▶ **Work instruction**
Without the pictures, give the listing below again exactly.

▶ **Records to use**
※ ※ ※
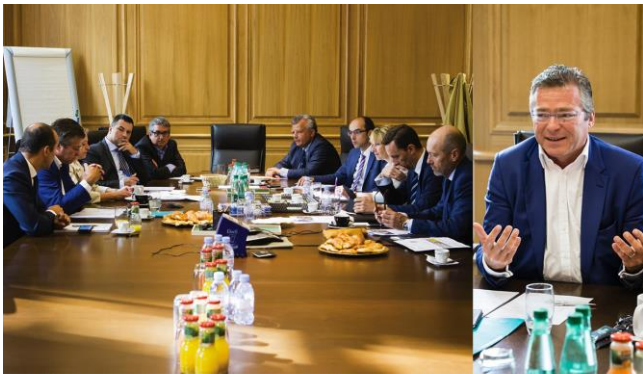
Découvrez le compte-rendu de notre dernière table ronde
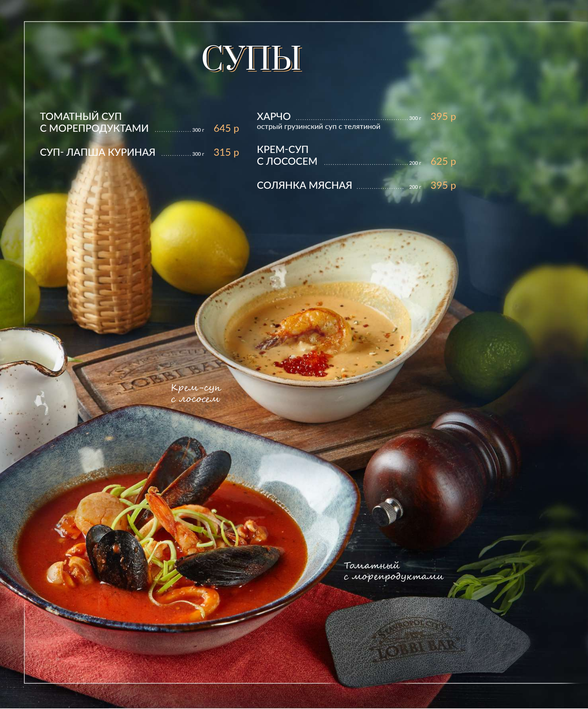
Томатный с морепродуктами
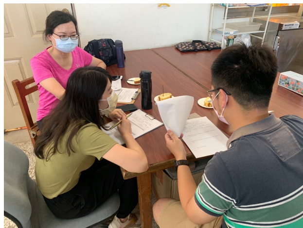
課前說明學生情況及觀察要點。
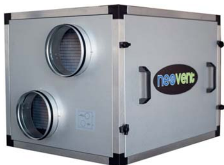
Centrala rekuperacyjna Neovent

Centrale rekuperacyjne Neovent PE wyróżniają się niskim zużyciem energii elektrycznej oraz bardzo cichą pracą, dzięki zastosowaniu wentylatorów z silnikami EC.
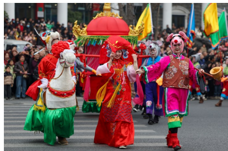
1月22日,在绵竹年画节开幕式上的巡游队伍。
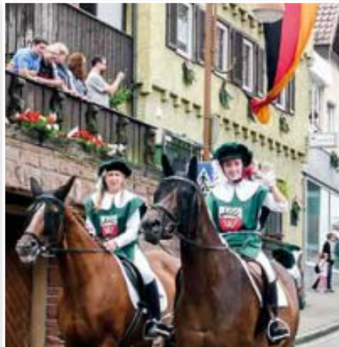
Hoch zu Ross durch Wildberg
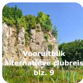
Vooruitblik alternatieve clubreis blz. 9
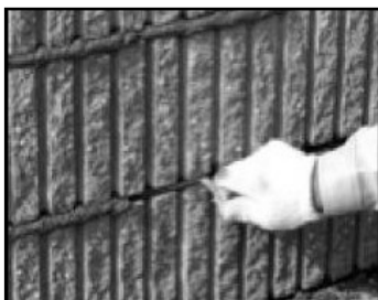
⑩ 目地さらえ、目地押さえをする
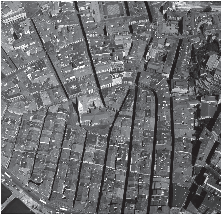
Ciudad compacta. Bilbao.

de los postulados ilustrados, modernos, son negados constantemente por la realidad.
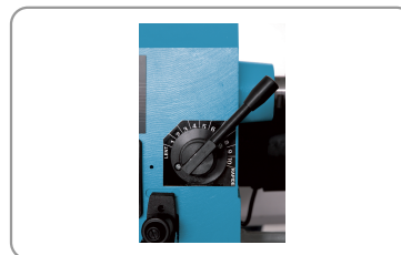
10 velocidades variables de 500 a 2000 rpm
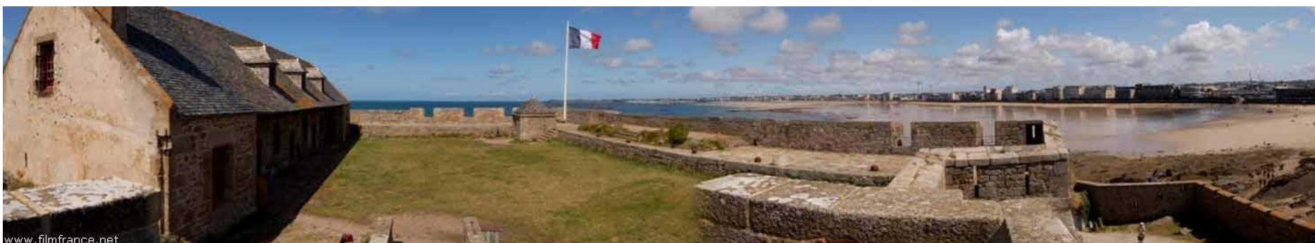
Cour et vue sur la ville
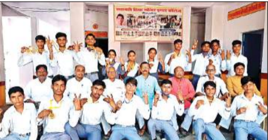
प्रतियोगिता में प्रतिभाग करने वाले छात्रों के साथ शिक्षक।
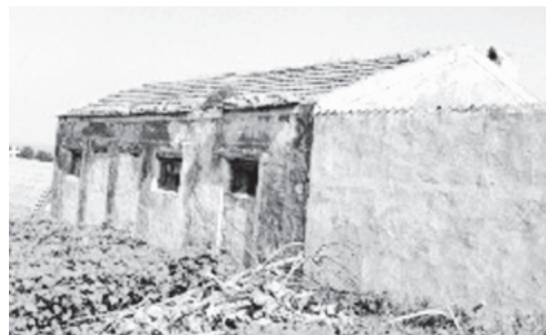
Κοινοτικό διδακτήριο Σχολείου Χαμαλευρίου (1900, με μετασκευή το 1927)
※ ※ ※
▶ **Answer box**
Découvrez le compte-rendu de notre dernière table ronde
Томатный с морепродуктами
課前說明學生情況及觀察要點。
Centrala rekuperacyjna Neovent

Centrale rekuperacyjne Neovent PE wyróżniają się niskim zużyciem energii elektrycznej oraz bardzo cichą pracą, dzięki zastosowaniu wentylatorów z silnikami EC.
1月22日,在绵竹年画节开幕式上的巡游队伍。
Hoch zu Ross durch Wildberg
Vooruitblik alternatieve clubreis blz. 9
⑩ 目地さらえ、目地押さえをする
Ciudad compacta. Bilbao.

de los postulados ilustrados, modernos, son negados constantemente por la realidad.
10 velocidades variables de 500 a 2000 rpm
Cour et vue sur la ville
प्रतियोगिता में प्रतिभाग करने वाले छात्रों के साथ शिक्षक।
Κοινοτικό διδακτήριο Σχολείου Χαμαλευρίου (1900, με μετασκευή το 1927)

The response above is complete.